### [DIRECTIONS FOR THIS TASK]
Reproduce the lines below from the one that contains "苗绣:苗族刺绣都是无图作业,艺从心生,种" through the end, inclusive, and add nothing.

### [DATASET RECORDS]

____

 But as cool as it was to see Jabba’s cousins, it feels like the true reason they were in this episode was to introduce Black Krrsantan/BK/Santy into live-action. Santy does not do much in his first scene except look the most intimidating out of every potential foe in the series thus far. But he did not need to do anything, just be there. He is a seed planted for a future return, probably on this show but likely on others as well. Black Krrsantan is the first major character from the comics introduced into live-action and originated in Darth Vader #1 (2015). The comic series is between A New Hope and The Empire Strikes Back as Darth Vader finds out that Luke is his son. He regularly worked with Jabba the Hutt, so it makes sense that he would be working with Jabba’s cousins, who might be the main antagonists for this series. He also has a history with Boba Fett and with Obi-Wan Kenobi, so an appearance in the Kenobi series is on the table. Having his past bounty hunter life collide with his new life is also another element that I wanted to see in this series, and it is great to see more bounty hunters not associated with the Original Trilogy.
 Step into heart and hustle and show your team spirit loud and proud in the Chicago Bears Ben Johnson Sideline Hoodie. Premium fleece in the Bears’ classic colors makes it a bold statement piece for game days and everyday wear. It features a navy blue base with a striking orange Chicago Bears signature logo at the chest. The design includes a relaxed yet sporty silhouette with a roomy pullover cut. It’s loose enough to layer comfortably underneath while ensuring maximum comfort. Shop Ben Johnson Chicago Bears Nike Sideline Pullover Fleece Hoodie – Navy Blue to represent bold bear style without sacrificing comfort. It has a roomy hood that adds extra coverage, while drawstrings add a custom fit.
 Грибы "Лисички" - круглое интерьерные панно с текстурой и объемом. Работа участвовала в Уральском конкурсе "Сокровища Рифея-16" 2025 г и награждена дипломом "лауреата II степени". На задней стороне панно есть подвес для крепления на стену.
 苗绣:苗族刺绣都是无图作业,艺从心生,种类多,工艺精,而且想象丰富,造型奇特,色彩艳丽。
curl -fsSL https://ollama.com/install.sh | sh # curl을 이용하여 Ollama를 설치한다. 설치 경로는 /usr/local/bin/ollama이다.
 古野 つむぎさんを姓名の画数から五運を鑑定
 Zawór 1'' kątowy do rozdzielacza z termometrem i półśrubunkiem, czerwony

____

### [WRITTEN RESPONSE]
 苗绣:苗族刺绣都是无图作业,艺从心生,种类多,工艺精,而且想象丰富,造型奇特,色彩艳丽。
curl -fsSL https://ollama.com/install.sh | sh # curl을 이용하여 Ollama를 설치한다. 설치 경로는 /usr/local/bin/ollama이다.
 古野 つむぎさんを姓名の画数から五運を鑑定
 Zawór 1'' kątowy do rozdzielacza z termometrem i półśrubunkiem, czerwony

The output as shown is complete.